The Blessed Virgin Mary gave birth to her Son “and laid him in a manger because there was no room for them” (Luke 2:7). How many emotions surge up in us when we read that verse? It may even trigger feelings of misery, anguish, and rejection that have hampered our own life.
Horrible words
A harrowing scene in the film “Schindler’s List” depicts a Jewish woman desperately dodging capture by the Nazis on Kristallnacht. She races to the ingenious hiding place of a prescient friend. But once there, the friend, now hysterical with fear, bars her from entering, sputtering the horrible words, “There is not enough room for you.” Then the hatch slams shut, leaving the hunted woman stranded in her peril.
Acknowledging a Presence
Fear makes us shut out people. And yet, what we ourselves dread more than anything else in life is being left utterly alone and abandoned — the punishment of solitary confinement. We crave a Presence in our life that can free us and embrace us. It is faith that enables us to respond to that need, for the essence of faith, according to Cardinal Joseph Ratzinger, is something that “meets me which is greater than anything we can think of for ourselves.” Faith is acknowledging a Presence that changes us.

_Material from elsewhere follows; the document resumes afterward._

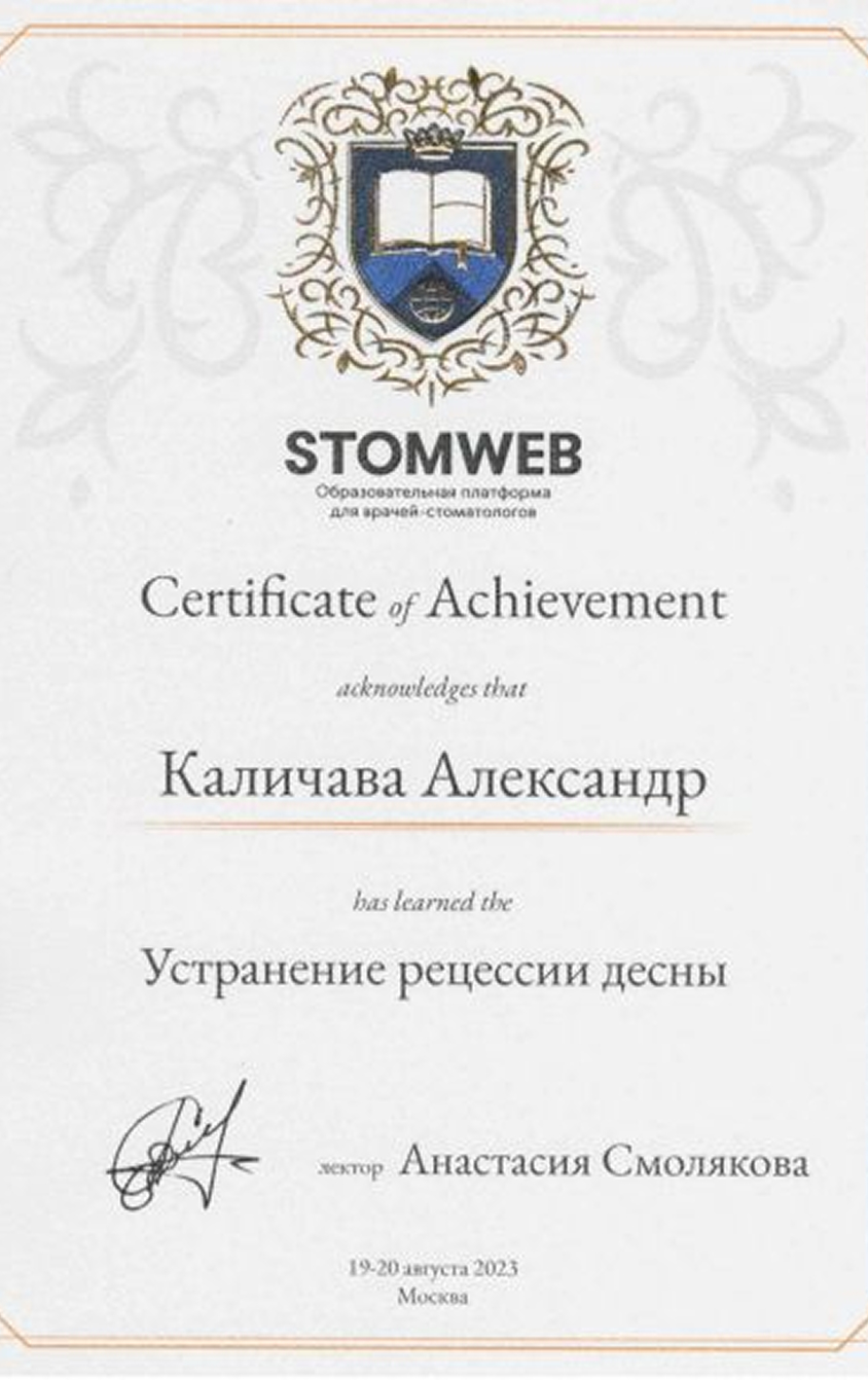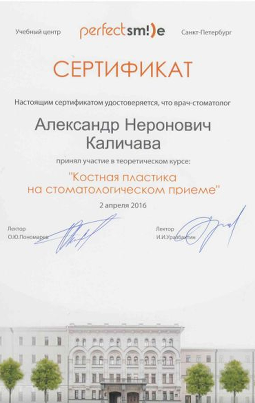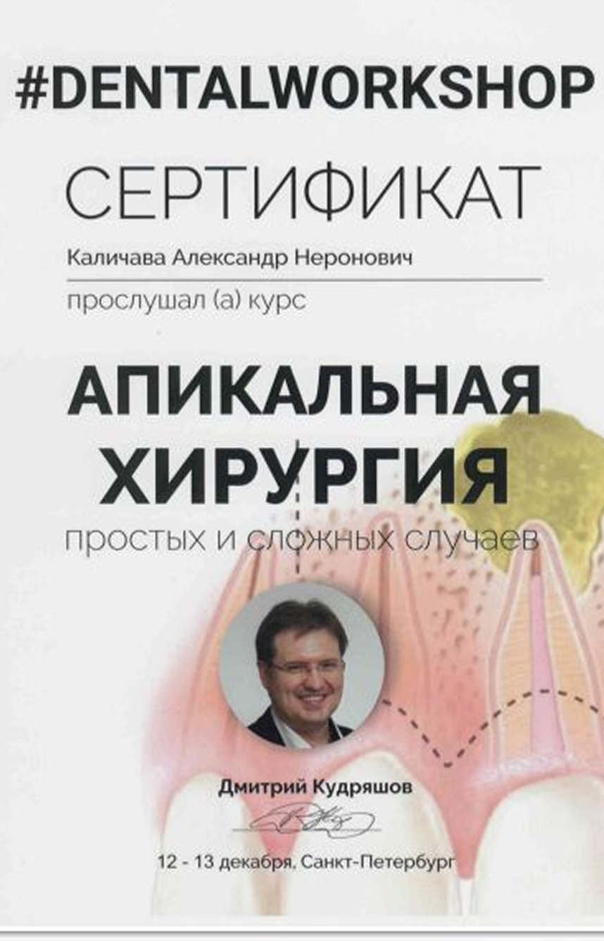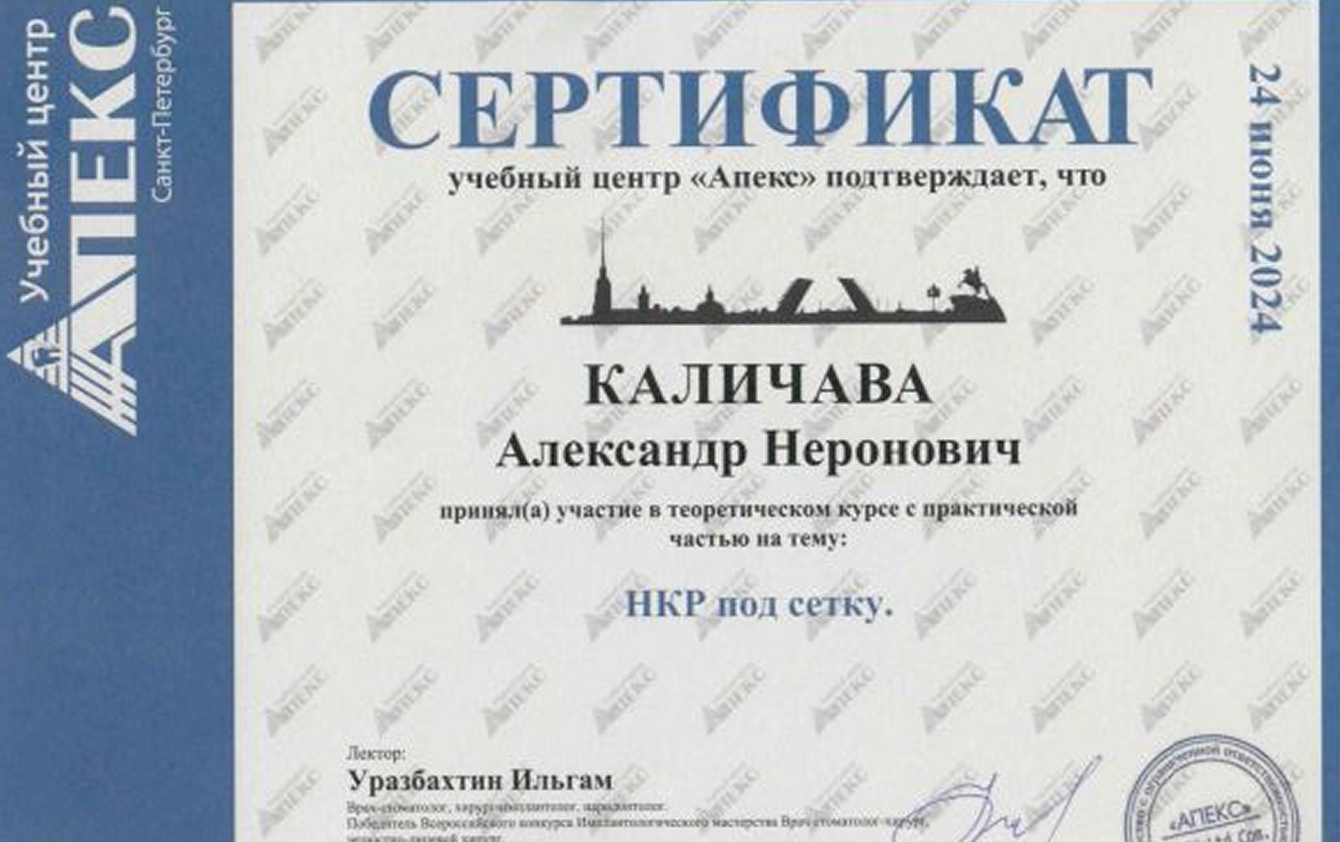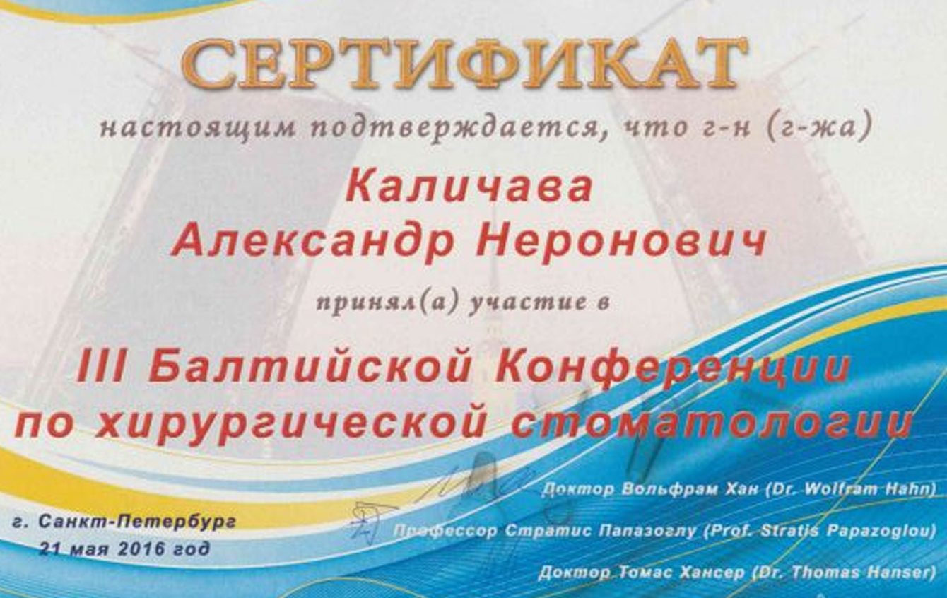 Огромная благодарность Александру Нероновичу Каличава! Он удалённо и быстро все мои восьмёрки. Я думаю, что это лучший стоматолог среди всех, которые я знаю – рекомендую его всем!

A manger is the poorest of beds. Making room for Jesus in the manger of our heart begins by confronting the reality of our own poverty. “There’s something worse than being needy: it’s being alone with our self-sufficiency. Our needy heart is the principal instrument that has been given to us to recognize Jesus” (Father Julián Carrón). It’s our neediness, our poverty, even our panic that ultimately moves us to welcome Christ in … to surrender to this Presence that knocks at our door. “When I awake, nothing interests me but my desire for God’s Presence — this is poverty” (Servant of God Luigi Giussani).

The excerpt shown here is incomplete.